After finding "Die Kirche wurde" in the material below, output its line and every line after it through the last, exactly, but not the pictures.

** Data below **
##############################

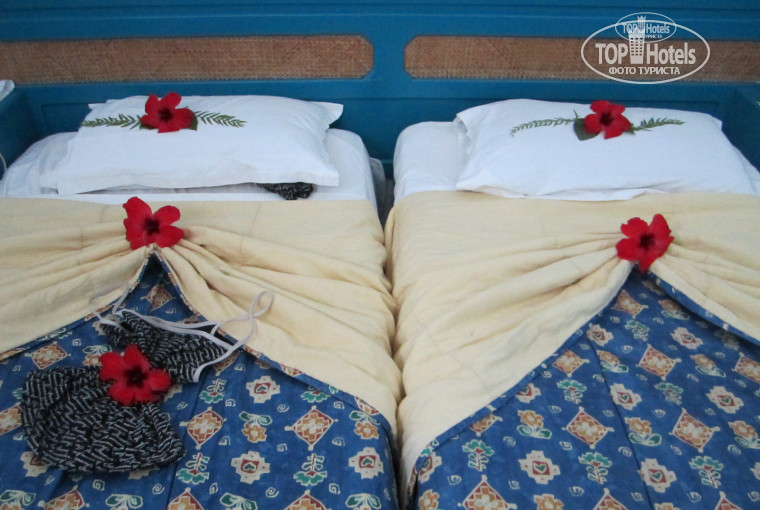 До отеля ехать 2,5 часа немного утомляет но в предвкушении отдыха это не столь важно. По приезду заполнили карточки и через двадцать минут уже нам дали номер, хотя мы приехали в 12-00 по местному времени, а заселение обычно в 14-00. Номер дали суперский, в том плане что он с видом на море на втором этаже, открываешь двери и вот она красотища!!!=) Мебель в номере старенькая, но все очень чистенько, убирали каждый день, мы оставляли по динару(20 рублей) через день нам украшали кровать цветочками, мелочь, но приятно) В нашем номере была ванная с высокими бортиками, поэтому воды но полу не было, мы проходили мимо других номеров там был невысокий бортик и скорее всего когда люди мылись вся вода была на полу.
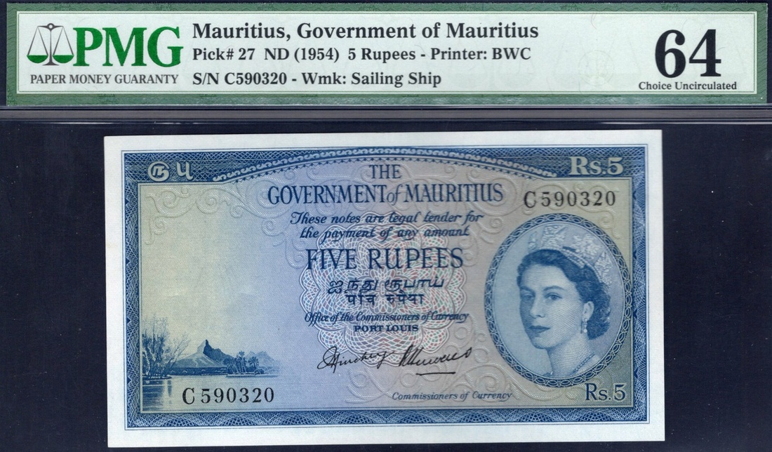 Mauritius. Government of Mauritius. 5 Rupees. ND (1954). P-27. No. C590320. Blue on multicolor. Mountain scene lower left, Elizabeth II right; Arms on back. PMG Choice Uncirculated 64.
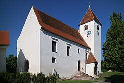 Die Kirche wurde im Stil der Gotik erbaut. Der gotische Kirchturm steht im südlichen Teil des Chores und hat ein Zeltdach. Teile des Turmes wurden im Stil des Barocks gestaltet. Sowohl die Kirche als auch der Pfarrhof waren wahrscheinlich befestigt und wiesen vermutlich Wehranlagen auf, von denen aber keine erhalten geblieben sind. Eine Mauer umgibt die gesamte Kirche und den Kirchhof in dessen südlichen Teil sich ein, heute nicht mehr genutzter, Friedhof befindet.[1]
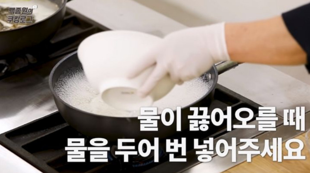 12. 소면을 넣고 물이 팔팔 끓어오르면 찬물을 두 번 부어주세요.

##############################

** Result **
 Die Kirche wurde im Stil der Gotik erbaut. Der gotische Kirchturm steht im südlichen Teil des Chores und hat ein Zeltdach. Teile des Turmes wurden im Stil des Barocks gestaltet. Sowohl die Kirche als auch der Pfarrhof waren wahrscheinlich befestigt und wiesen vermutlich Wehranlagen auf, von denen aber keine erhalten geblieben sind. Eine Mauer umgibt die gesamte Kirche und den Kirchhof in dessen südlichen Teil sich ein, heute nicht mehr genutzter, Friedhof befindet.[1]
 12. 소면을 넣고 물이 팔팔 끓어오르면 찬물을 두 번 부어주세요.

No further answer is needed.